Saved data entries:
##############################
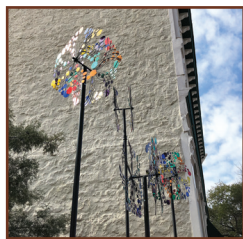
Bubble Wind Spinner NFS
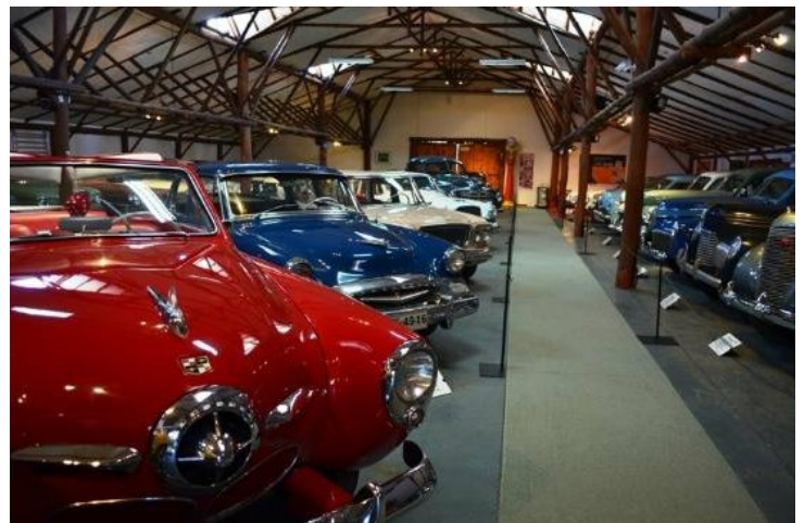
Auto Museum Moncopulli, Osorno, Chile
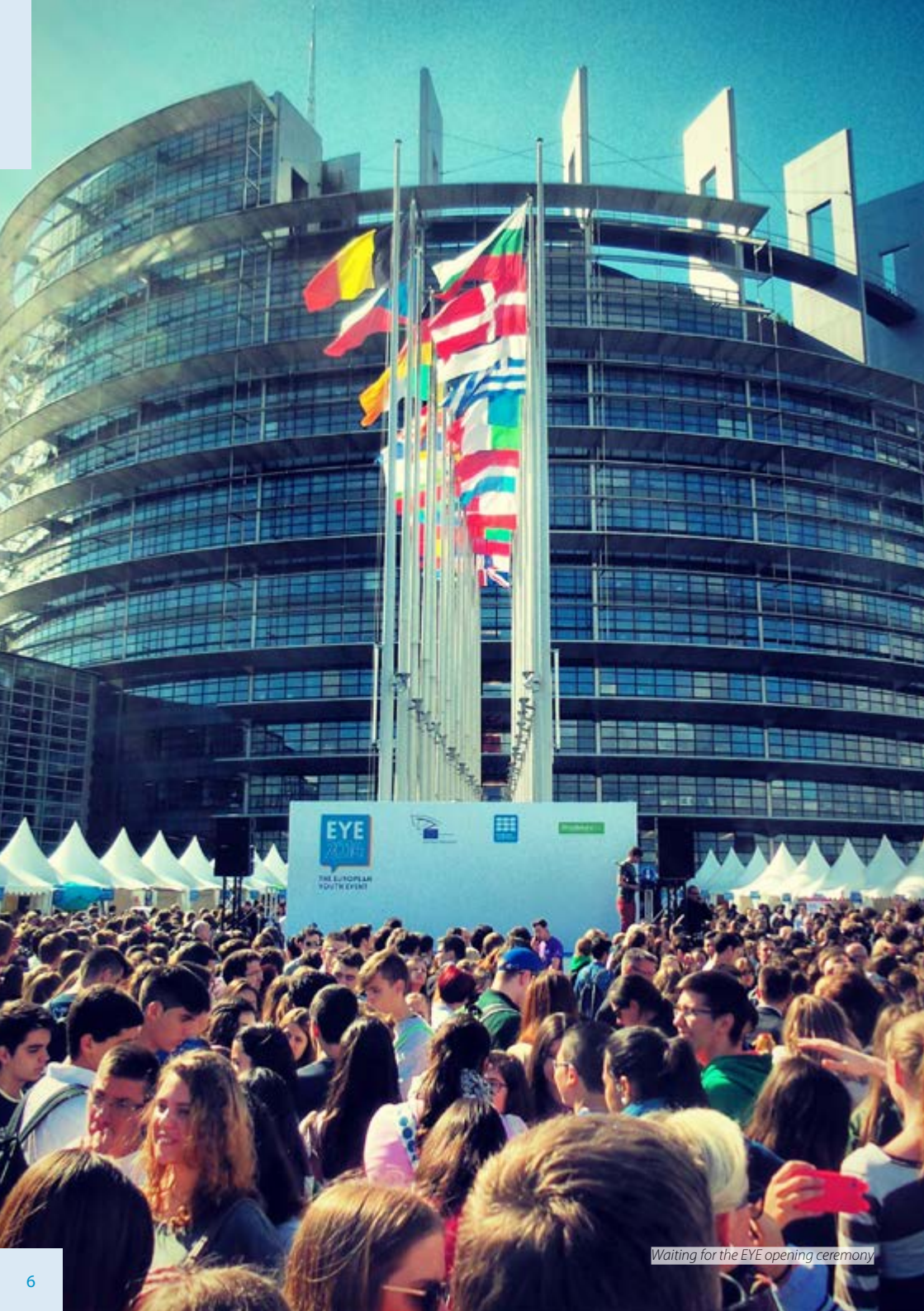
Waiting for the EYE opening ceremony
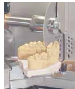
pin model on plastic base
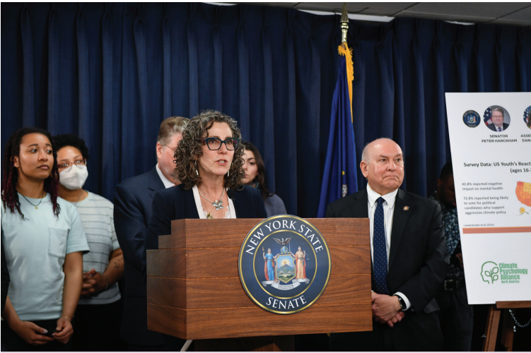
Holding a press conference about the mental health impacts of climate change.
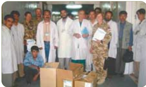
NZDF medical staff with their Bamyan Hospital colleagues take delivery of equipment.

Bamyan hospital is a 60-bed facility that serves as the referral centre for all of the province's health clinics. The
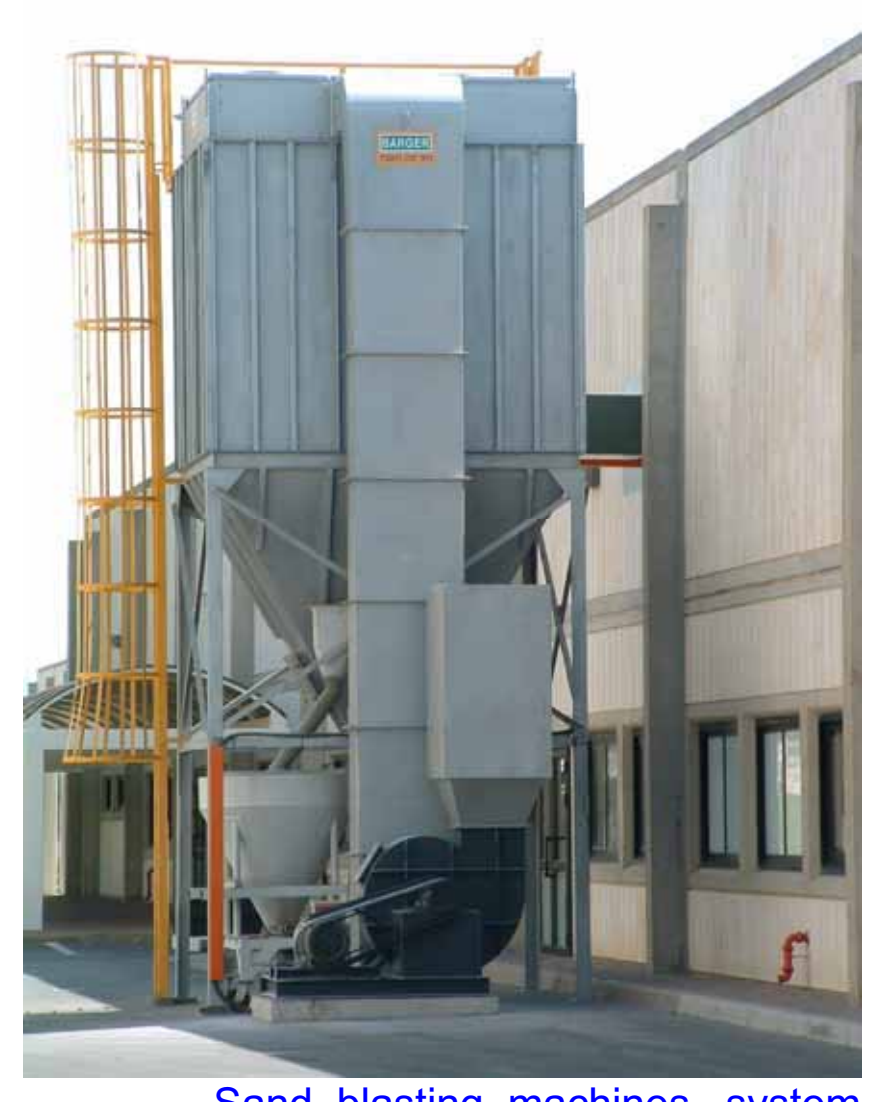
Sand blasting machines system
##############################
- _Task description_: A line belongs in the answer if it contains the word "Bamyan"; copy every such line from the data above.

- _Exercise result_:
NZDF medical staff with their Bamyan Hospital colleagues take delivery of equipment.
Bamyan hospital is a 60-bed facility that serves as the referral centre for all of the province's health clinics. The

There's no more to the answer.